Each line below should be repeated exactly as it stands.

→ **DATA TO USE**
<<<<

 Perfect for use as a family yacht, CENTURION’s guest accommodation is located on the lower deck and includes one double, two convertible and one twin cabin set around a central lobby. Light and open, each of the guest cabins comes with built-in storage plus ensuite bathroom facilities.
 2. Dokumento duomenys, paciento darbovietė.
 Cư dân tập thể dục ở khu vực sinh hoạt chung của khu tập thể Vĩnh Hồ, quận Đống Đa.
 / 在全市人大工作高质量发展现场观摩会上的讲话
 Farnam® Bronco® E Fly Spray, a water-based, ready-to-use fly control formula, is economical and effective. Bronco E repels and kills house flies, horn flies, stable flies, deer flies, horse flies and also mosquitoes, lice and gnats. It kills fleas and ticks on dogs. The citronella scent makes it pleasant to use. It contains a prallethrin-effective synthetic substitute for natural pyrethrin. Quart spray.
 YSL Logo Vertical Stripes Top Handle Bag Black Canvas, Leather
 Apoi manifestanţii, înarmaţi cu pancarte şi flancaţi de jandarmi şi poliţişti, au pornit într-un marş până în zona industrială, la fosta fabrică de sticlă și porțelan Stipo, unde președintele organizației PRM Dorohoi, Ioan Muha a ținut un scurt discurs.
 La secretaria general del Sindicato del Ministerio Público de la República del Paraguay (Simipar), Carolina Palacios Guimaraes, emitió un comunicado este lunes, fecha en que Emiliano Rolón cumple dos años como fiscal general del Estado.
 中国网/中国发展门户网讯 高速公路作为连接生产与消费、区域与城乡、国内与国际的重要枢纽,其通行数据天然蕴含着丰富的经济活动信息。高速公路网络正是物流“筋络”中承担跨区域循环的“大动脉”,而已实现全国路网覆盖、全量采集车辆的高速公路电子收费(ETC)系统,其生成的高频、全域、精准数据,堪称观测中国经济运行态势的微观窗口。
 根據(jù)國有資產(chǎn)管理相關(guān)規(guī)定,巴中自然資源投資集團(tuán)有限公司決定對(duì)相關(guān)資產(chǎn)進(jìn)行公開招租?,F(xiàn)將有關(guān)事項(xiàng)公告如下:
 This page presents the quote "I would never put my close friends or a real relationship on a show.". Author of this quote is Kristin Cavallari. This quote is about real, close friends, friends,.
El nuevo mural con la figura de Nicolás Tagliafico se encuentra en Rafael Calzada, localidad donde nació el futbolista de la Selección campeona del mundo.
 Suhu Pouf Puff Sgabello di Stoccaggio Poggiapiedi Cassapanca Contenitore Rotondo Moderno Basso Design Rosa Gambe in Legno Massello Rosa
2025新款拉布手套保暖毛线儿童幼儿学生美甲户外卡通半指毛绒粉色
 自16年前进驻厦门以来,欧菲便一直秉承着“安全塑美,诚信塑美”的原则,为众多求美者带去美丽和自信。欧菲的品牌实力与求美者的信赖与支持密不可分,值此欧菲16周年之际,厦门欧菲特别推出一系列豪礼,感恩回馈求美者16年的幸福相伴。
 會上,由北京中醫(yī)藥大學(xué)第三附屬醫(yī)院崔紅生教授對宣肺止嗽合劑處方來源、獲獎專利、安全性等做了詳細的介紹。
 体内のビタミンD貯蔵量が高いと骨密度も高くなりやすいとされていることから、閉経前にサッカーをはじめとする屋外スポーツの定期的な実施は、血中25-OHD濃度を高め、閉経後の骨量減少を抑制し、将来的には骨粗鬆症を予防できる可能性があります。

>>>>

→ **RESPONSE TO THE TASK**
 Perfect for use as a family yacht, CENTURION’s guest accommodation is located on the lower deck and includes one double, two convertible and one twin cabin set around a central lobby. Light and open, each of the guest cabins comes with built-in storage plus ensuite bathroom facilities.
 2. Dokumento duomenys, paciento darbovietė.
 Cư dân tập thể dục ở khu vực sinh hoạt chung của khu tập thể Vĩnh Hồ, quận Đống Đa.
 / 在全市人大工作高质量发展现场观摩会上的讲话
 Farnam® Bronco® E Fly Spray, a water-based, ready-to-use fly control formula, is economical and effective. Bronco E repels and kills house flies, horn flies, stable flies, deer flies, horse flies and also mosquitoes, lice and gnats. It kills fleas and ticks on dogs. The citronella scent makes it pleasant to use. It contains a prallethrin-effective synthetic substitute for natural pyrethrin. Quart spray.
 YSL Logo Vertical Stripes Top Handle Bag Black Canvas, Leather
 Apoi manifestanţii, înarmaţi cu pancarte şi flancaţi de jandarmi şi poliţişti, au pornit într-un marş până în zona industrială, la fosta fabrică de sticlă și porțelan Stipo, unde președintele organizației PRM Dorohoi, Ioan Muha a ținut un scurt discurs.
 La secretaria general del Sindicato del Ministerio Público de la República del Paraguay (Simipar), Carolina Palacios Guimaraes, emitió un comunicado este lunes, fecha en que Emiliano Rolón cumple dos años como fiscal general del Estado.
 中国网/中国发展门户网讯 高速公路作为连接生产与消费、区域与城乡、国内与国际的重要枢纽,其通行数据天然蕴含着丰富的经济活动信息。高速公路网络正是物流“筋络”中承担跨区域循环的“大动脉”,而已实现全国路网覆盖、全量采集车辆的高速公路电子收费(ETC)系统,其生成的高频、全域、精准数据,堪称观测中国经济运行态势的微观窗口。
 根據(jù)國有資產(chǎn)管理相關(guān)規(guī)定,巴中自然資源投資集團(tuán)有限公司決定對(duì)相關(guān)資產(chǎn)進(jìn)行公開招租?,F(xiàn)將有關(guān)事項(xiàng)公告如下:
 This page presents the quote "I would never put my close friends or a real relationship on a show.". Author of this quote is Kristin Cavallari. This quote is about real, close friends, friends,.
El nuevo mural con la figura de Nicolás Tagliafico se encuentra en Rafael Calzada, localidad donde nació el futbolista de la Selección campeona del mundo.
 Suhu Pouf Puff Sgabello di Stoccaggio Poggiapiedi Cassapanca Contenitore Rotondo Moderno Basso Design Rosa Gambe in Legno Massello Rosa
2025新款拉布手套保暖毛线儿童幼儿学生美甲户外卡通半指毛绒粉色
 自16年前进驻厦门以来,欧菲便一直秉承着“安全塑美,诚信塑美”的原则,为众多求美者带去美丽和自信。欧菲的品牌实力与求美者的信赖与支持密不可分,值此欧菲16周年之际,厦门欧菲特别推出一系列豪礼,感恩回馈求美者16年的幸福相伴。
 會上,由北京中醫(yī)藥大學(xué)第三附屬醫(yī)院崔紅生教授對宣肺止嗽合劑處方來源、獲獎專利、安全性等做了詳細的介紹。
 体内のビタミンD貯蔵量が高いと骨密度も高くなりやすいとされていることから、閉経前にサッカーをはじめとする屋外スポーツの定期的な実施は、血中25-OHD濃度を高め、閉経後の骨量減少を抑制し、将来的には骨粗鬆症を予防できる可能性があります。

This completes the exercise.